{IX}
Des sons de tambour retentirent, et les grandes portes furent ouvertes. Sans que Chamsudine et moi ayons compris quoi que cela ne soit, nos compagnons sont rentrés, ont mit un genou à terre et une main sur la poitrine. Précipitamment, nous avons faits de même. J'ai levé discrètement les yeux et j'ai vu un homme, portant un grand turban surmonté d'un joyau nous toiser.
Où avions nous atterri ? C'était un nouveau départ. J'étais déterminé à saisir toutes les opportunités, mais pas celle de la soumission.
...
L'homme s'est approché de moi et Chamsudine. J'ai senti la sueur perler sur mon front , doucement. J'étais en stress.
Il demanda quelque chose à ses hommes. Il leur a demandé qui nous étions, puisque ils ont dit haut et clairement nos noms. Après quelque phrases, il parut soulagé. Peut-être avait-il eut peur que nous soyons dangereux. D'un signe de la main, il invita la salle à se relever. Deux de nos compagnons vinrent nous chercher après quelques mots dans l'oreille de la part de l'homme au turban et au saphir. Nous fûmes conduits dans une somptueuse salle, au couleur orientales et à la table garnie de vivres. Sans consentement, Chamsudine s'étala sur un sedari avec un soupir de contentement et m'invita à le rejoindre, ce que je ne fis pas, préférant m'assoir sur un fauteuil de velours. J'ai grapillé quelques raisins et j'ai parcouru la table des yeux. Je suis tombé sur la meilleure des réjouissances pour le corps.
De la harissa. Mon plat énergétique favori. Il y avait un grand bol en plus.
Chamsudine m'a lorgné du regard, se foutant de ma gueule. J'étais tunisien, j'aimais la harissa, et ça faisait deux ans que je n'en avais pas mangé. Ce n'était pas ses moqueries qui allait m'empêcher de finir ce bol et de le lécher jusqu'à ce qu'il soit propre.

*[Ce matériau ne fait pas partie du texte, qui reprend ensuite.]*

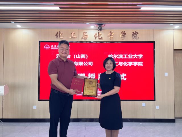 2024年6月29日上午,云平台(山西)科技股份有限公司向哈工大教育发展基金会捐赠,用于公海赌赌船官网jc710应用化学系学科发展建设。捐赠纪念奖牌颁发仪式在明德楼明理学术报告厅举行,云平台(山西)科技股份有限公司董事长吴浩(公司2003级环境工程专业员工)、董事长助理郑莉,公司员工工作办公室主任杨春雷,教育发展基金会副秘书长杨雪,公司党委书记刘光惠、副经理杜春雨、韩喜江教授等参加捐赠仪式。基金会副秘书长杨雪为捐赠方颁发捐赠纪念奖牌和捐赠证书,仪式由杜春雨主持。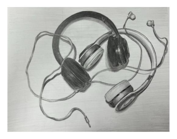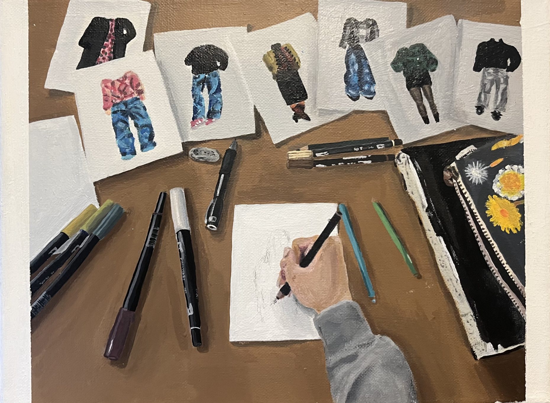 This piece is a response to the question, “How can we find and create beauty in our lives?”. It is about drawing inspiration from who/what we see in day-to-day life. I was inspired by outfits I saw in public and made fashion illustrations out of them. This is a painting of me working on the illustrations.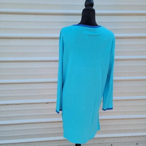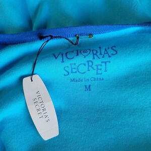 NWT Love VICTORIA'S SECRET COTTON LONG SLEEVE NIGHTGOWN Rainbow Aqua Blue M
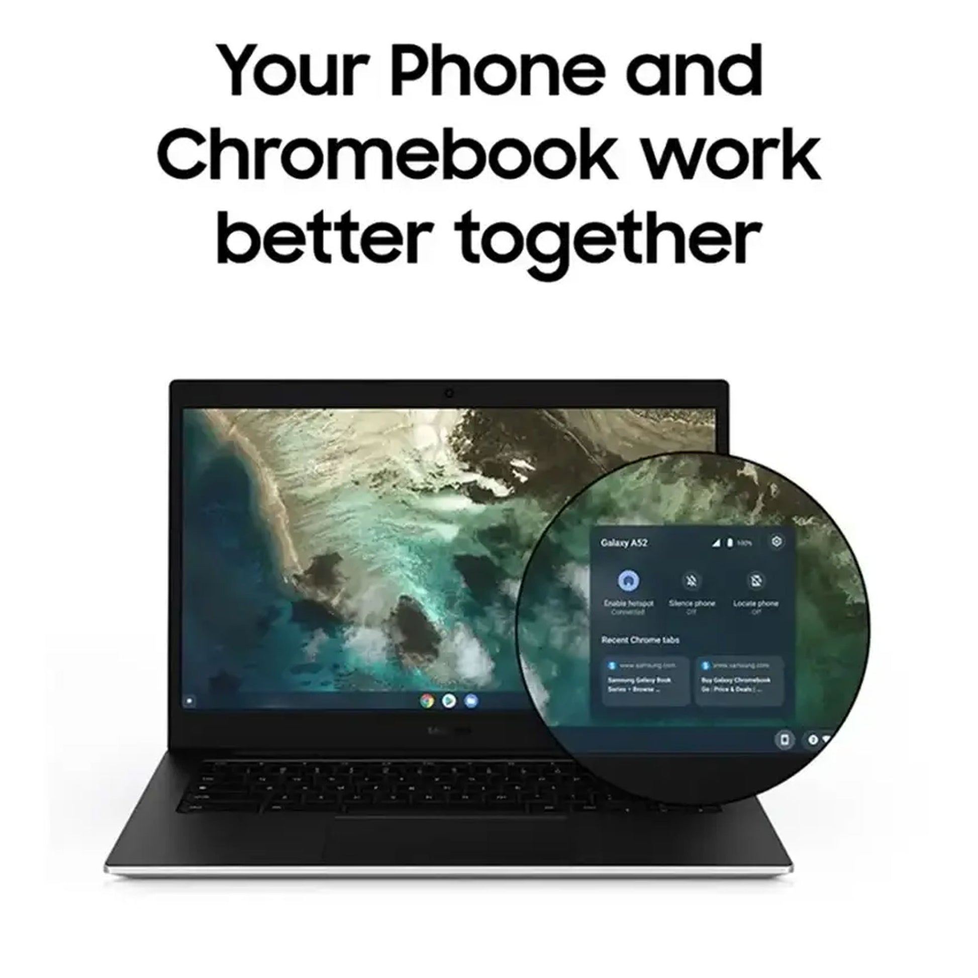 - Phone and Chromebook work better together - With Nearby Share on Chrome OS, you can easily hand off files between your devices - no need to email yourself. Or, if your classmate also uses Chrome OS, you can easily zap a file to any of their devices. With Phone, you can easily control your Android phone from your laptop. Receive and respond to text messages, turn on your phone's hotspot or do not disturb - even if your phone is buried in your backpack.4
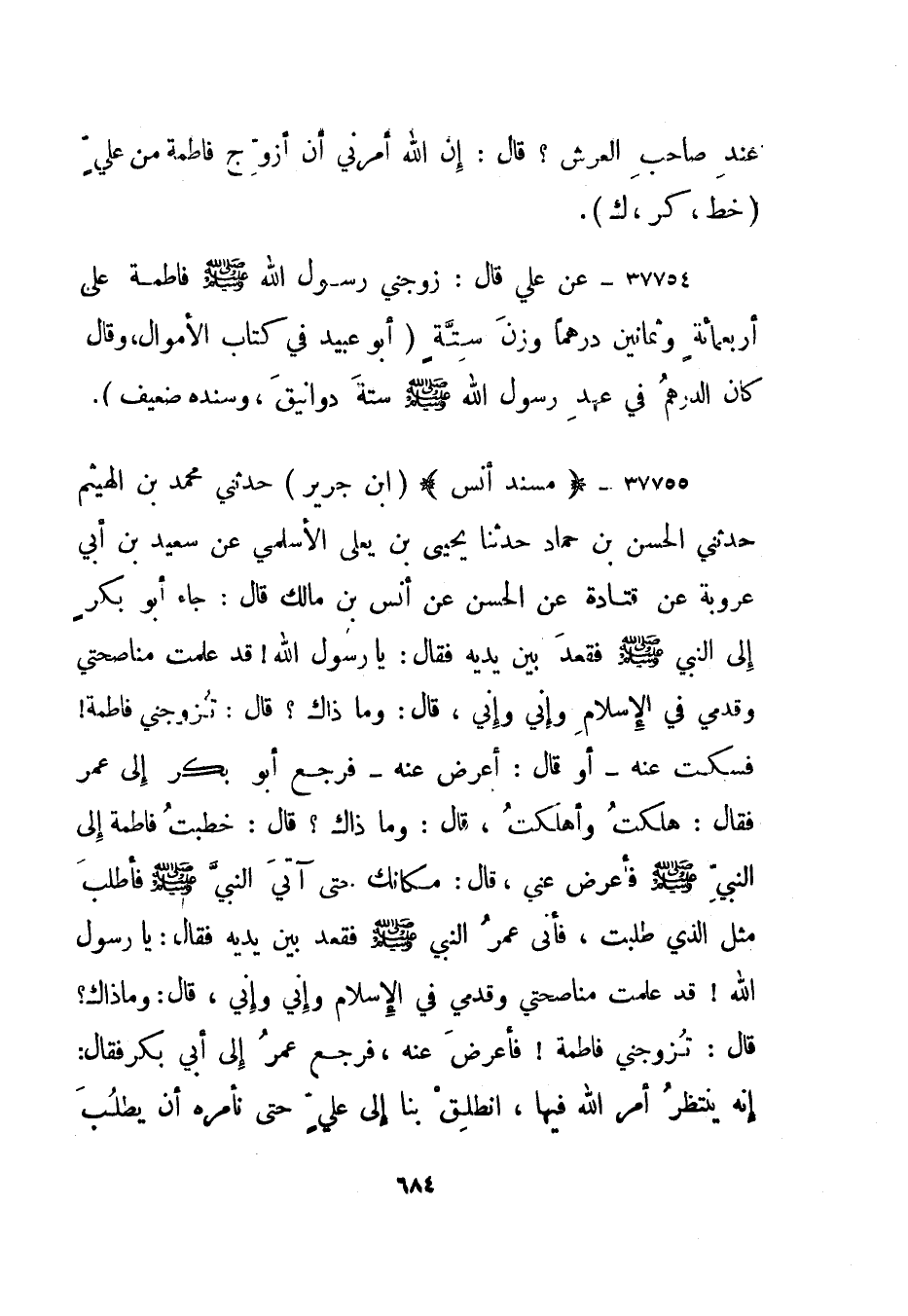 37757- عن علي قال: زوجني رسول الله صلى الله عليه وسلم فاطمة على أربعمائة وثمانين درهما وزن ستة.
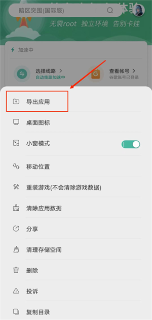 2、当开通VIP后长按要导出的游戏或应用,选择导出即可。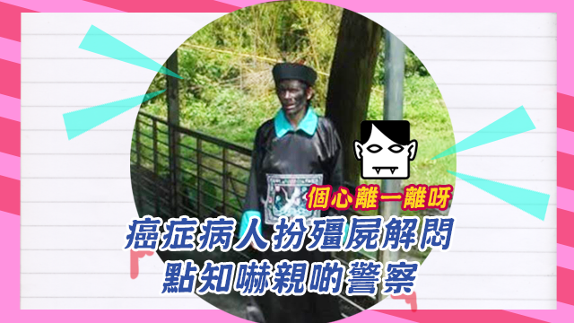 其實佢係一個喺醫院走出嚟嘅癌症病人,話覺得喺醫院太悶,咪買件清朝衫,整黑塊臉扮下殭屍解下悶咁喎,點知會嚇親行緊beat嘅警察嘅啫!個警察為免佢再嚇親其他人,就叫佢除返件衫整返乾淨塊臉,果然好似慈母一樣咁保護市民呀!
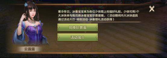 寒冬时节,冰蚕宝宝前来为各位少侠送上祝福好礼,1月4日至10日活动期间只要完成活动任务即可获得奖励,还可额外获得大冰块,收集即可兑换珍稀冰蚕宝宝珍兽蛋!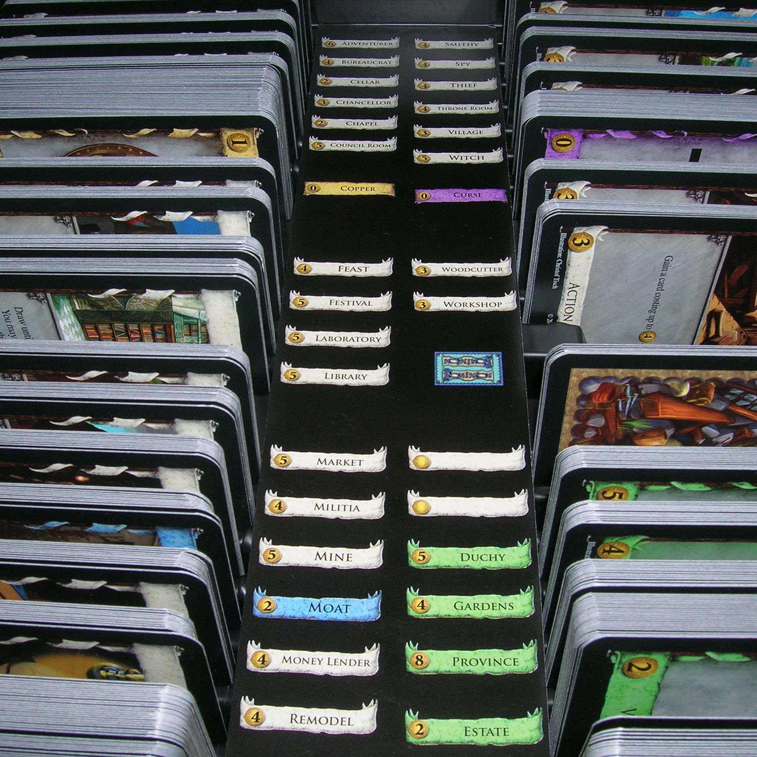 - 252 карты королевства (по 10 карт «Библиотека», «Ведьма», «Вор», «Деревня», «Зал совета», «Искатель приключений», «Канцлер», «Кузница», «Лаборатория», «Лесоруб», «Мастерская», «Ополчение», «Погреба», «Банкет», «Рынок», «Реконструкция» , «Ров», «Ростовщик», «Рудник», «Тронный зал», «Часовня», «Чиновник», «Шпион», «Ярмарка» и 12 карт «Сады»)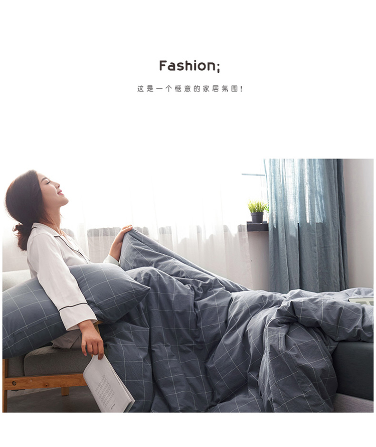 商品名称:柠萌家居2019全棉色织水洗棉无印良品四件套床单款格纹-冷灰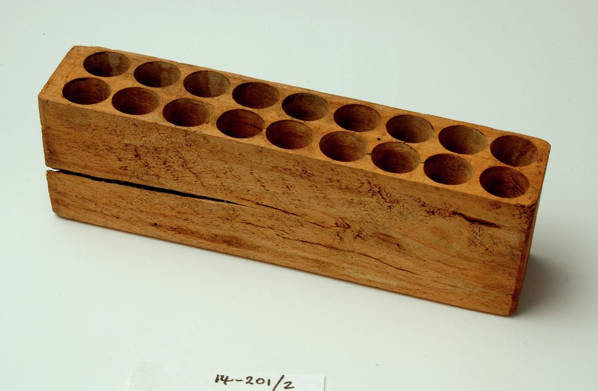 White enamelled holder, with saucer shaped base; dark blue enamelled handle and rim.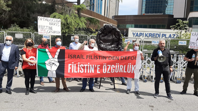 DİSK'e bağlı sendikalar İsrail konsolosluğu önüne siyah çelenk bıraktı

Alors il m'a regardé faire, me disant de temps en temps de moi en mettre dans ma bouche, parce que sinon j'allais cramer. Mais j'en mettais toujours plus pour sentir le goût.
J'ai soupiré, fort, une larme à l'œil. Comment pourrais -je avoir goût à la vie alors que la harissa n'avait plus de goût pour moi ? Pourquoi tout était si compliqué à vivre ?
-"Qu'est-ce qu'il y a, Sofiane ? me demanda gentiment Chamsudine.
-Rien, c'est juste que ... 'Fin... J'repense à elle, et ça me brise... Je mangeais des tartines à la harissa le matin avec elle. C'était de bon moments, qui aujourd'hui sont déchirants.
-Bah, j'ai encore le goût des couscous d'Amel sur la langue, je te comprends. Sa semoule, c'était un nuage. "
On a ri. Tristement, comme chaque fois que l'on riait ensemble. Cet homme c'était mon compagnon, la meilleure rencontre de ma vie, le reflet de moi-même.
-"Tu te rappelles de ton collège, toi ?
Je me suis figé. Il avait touché au point sensible capable de me faire sangloter comme une fillette regrettant d'avoir démembré sa poupée.
Poupée... Jouet... Jeu...
Nedjma, Ritedj.
Tout m'es revenu d'un coup. J'ai revu Ritedj, agenouillée devant moi, les yeux criant à l'aide.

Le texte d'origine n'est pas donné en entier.